See the above photo for a typical example. But give the Devil his due: no right thinking person wants to see religion setting the government’s agenda.

So “right on” Cherokee Guns — except don’t stop with sharia law. Keep a careful eye on the wayward Christians as well.

Because, as a quick glance at the news will tell you, there are few worse bad ideas in this current crazy and upside-down world of ours than the increasingly wanky and far-reaching attempts to force religion into our public lives, and by doing so compel us — heathen and heaven-bound alike — to take part in the worship of today’s god of choice.

In Murphy, North Carolina, after all, “In God we Trust” is chiseled in stone on our public buildings.

And here in the Bible Belt god isn’t Allah or any other holy or supernatural entity, however generous you may wish to be with your theology. Here God is Jesus. No other deity need apply.

With every passing day there are fewer and fewer of us left who can remember the days of yore — the pre 1950s — when pushing a religion onto others in public spaces was both a violation of recognized federal law as well as being arrogant and disrespectful of cultural traditions. It was thus taboo for government at every level of our society.

The concept of a “wall of separation between Church and State” was famously championed by Thomas Jefferson in his 1802 letter to the Danbury Baptists. In that letter, Jefferson stressed the need to keep civil governance and religious practice in distinctly separate spheres.

And James Madison, the “Father of the Constitution,” drafted the First Amendment, which prohibits Congress from establishing a national religion and protects the free exercise of religion or the exercise of no religion for all citizens.

But ever since then a loud and aggrieved minority of Christian Nationalists and their equally loud and equally aggrieved sympathizers have been working overtime to undo those prohibitions or water them down — to make it seem acceptable to us to mingle religion and government — to have, in fact, a government sanctioned religion.

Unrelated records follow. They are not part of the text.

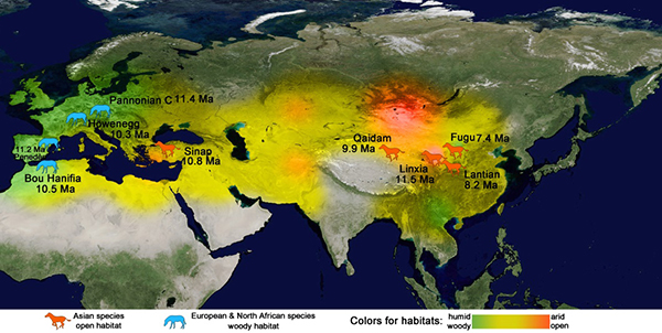 图3 晚中新世早期旧大陆三趾马动物地理与生态环境
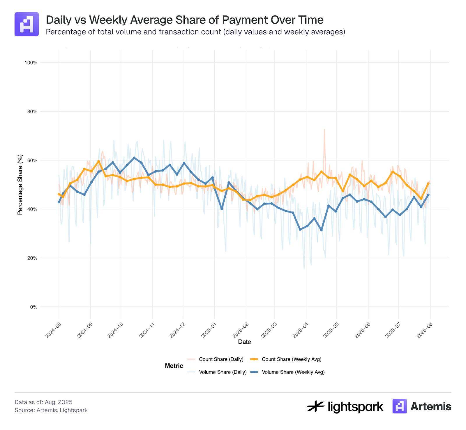 Hình 5 tập trung vào những thay đổi hàng tuần, cho thấy xu hướng áp dụng nhất quán và sự tăng trưởng khối lượng giao dịch hàng tuần trên tất cả các loại hình thanh toán. Bảng 4 tóm tắt thêm những thay đổi tổng thể từ tháng 8 năm 2024 đến tháng 8 năm 2025.
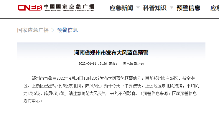郑州市气象台2022年4月14日发布大风蓝色预警信号:目前郑州市主城区、航空港区、上街区已出现4到5级东北风,阵风6级;预计今天下午到傍晚,上述地区东北风持续,平均风力4到5级,阵风6到7级,请注意防范大风天气带来的不利影响。(来源:中国气象局网站)
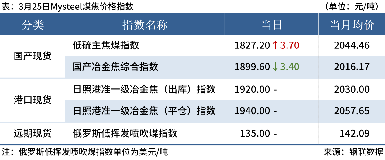 ◎ 截至3月25日,澳大利亚焦煤一线峰景CFR价格261.5美金/吨,较上周同期相比下跌27.5美金/吨,LV二线焦煤CFR价格222.5美金/吨,较上周同期相比下跌26.5美金/吨。详情>>
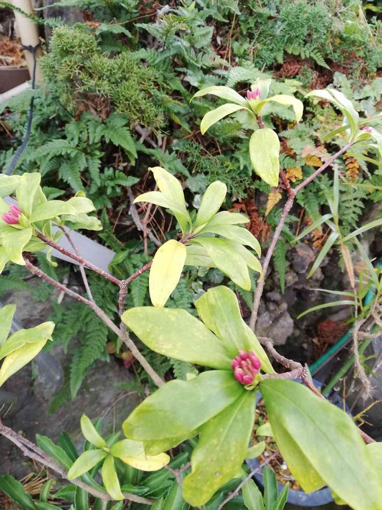家の新客ジンチョウゲ 鉢植えにしました😆玄関に置いて かほり楽しみます💕
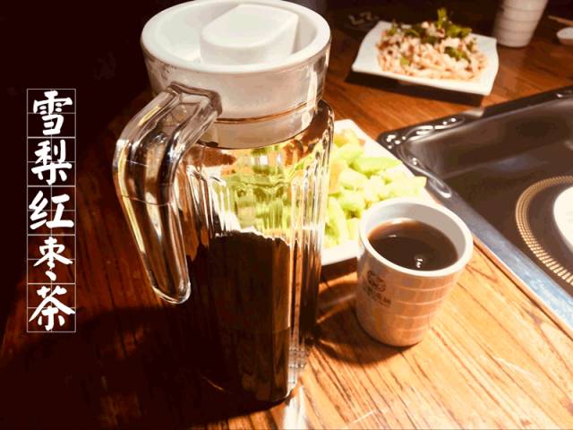 齐祺鱼锅特色饮品 :雪梨红枣茶,也是店里首推的特色饮品,采用雪梨、红枣为原料,煮好之后再过滤干净,喝起来那叫一个甘甜爽口,在吃鱼锅的时候喝一杯,生津止渴、美容养颜。

Too often, it’s clear, prohibitions against evangelization and proselytizing by government seem to be in increasing danger of becoming a thing of the past.

Let’s also be clear — though Cherokee Guns may have brushed past this fact — there is too often no discernible difference between Christian and sharia legality: Consider, as an example, the New Testament commandment in Luke, Chapter 19, Verse 27, where Jesus issues the order via parable, “Those enemies of mine who did not want me to be king over them — bring them here and kill them in front of me.”

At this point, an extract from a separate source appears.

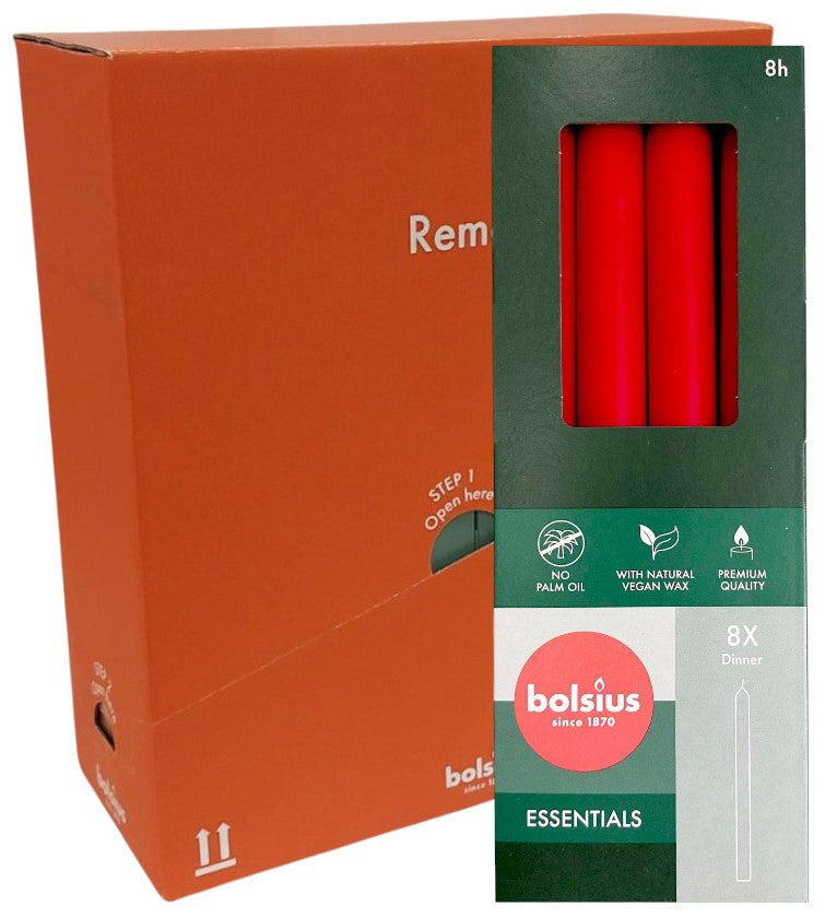 Κεριά Κηροπηγίου με Φυσικό Vegan Κερί 230/20mm Bolsius 8άδα - Delicate Red Κιβώτιο 4Τμχ

Do we really want our government championing that sort of criminal brutality? Right-thinking, decent people would overwhelmingly not only say ‘no’, but ‘hell no’.

The beginning of erosion of the separation of church and state is usually traced to the Cold War when the “Red Scare” frightened our shallow public officials into adding (in 1954) “under God” to the Pledge of Allegiance and adopt (in 1956) the slogan “In God We Trust” as the national motto.

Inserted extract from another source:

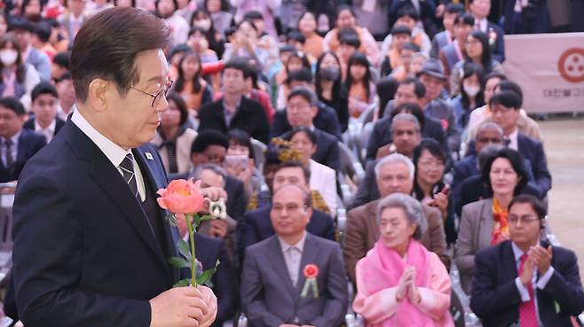 ▲ 더불어민주당 이재명 대선 후보가 5일 서울 종로구 조계사에서 열린 불기 2569년 부처님오신날 봉축법요식에서 육법공양 중 헌화를 위해 이동하고 있다.

And equally shallow and misguided politicians such as Donald J. Trump are still at it.

As recently as a few days ago, when addressing a crowd at the Faith & Freedom Coalition’s annual Road to Majority conference at the Washington Hilton hotel, Trump insisted that the “(radical left) want to resume the transgender mutilation of children, they want to restart the war on Christians and churches, and as you saw with the communists elected in New York recently … they want to completely destroy the traditional American way of life.”

He described recent election winners in New York — none of whom were Republican, one can’t help but notice — as “very troubling people” and claimed without evidence (his lazy and recurring modus operandi) that they “want to destroy our country, and they hate our country and our people.”

So here we are, in 2026, well positioned to resurrect the dumbed-down days of the mid 1950s with its Red Scare and breathless fear of “communists” in every nook and cranny of our beloved but besieged nation.

It would be well for us to pause at this point and recognize that the Ten Commandments, or any other part of the Bible, Koran or whatever so-called holy books we may want to hold up for evidence of ways to live our lives are unsound foundations for both law and everyday morality.

These old books, as countless scholars have long recognized, are nothing more than the product of bronze-age tribal values. They preach a cruel form of authoritarianism, insecurity, and outdated social values, including subjugation of women, and a love of slavery.

They are consequently incompatibility in a more modern era with true ethical, humanistic, and science-based reasoning that should be the goal of us all.

It’s not too late, but it may soon be unless we stand up to the misguided religious bullies who want to take away yet another of our freedoms — the freedom to choose our own religion or to choose no religion at all.

The misguided want to return us to the days of King Charles I of early 1600 England when the state-sanctioned religion was the “high church” Anglican ceremonies and no others. Backed by the Archbishop of Canterbury, Charles I prohibited preaching outside the Anglican tradition and punished those who wouldn’t fall in line.

Disgruntled Brits fled across the ocean to a new world. Soon they were calling it the United States, and putting in place laws and customs that called for a strict separation of church and state that became part of the new nation’s founding charters.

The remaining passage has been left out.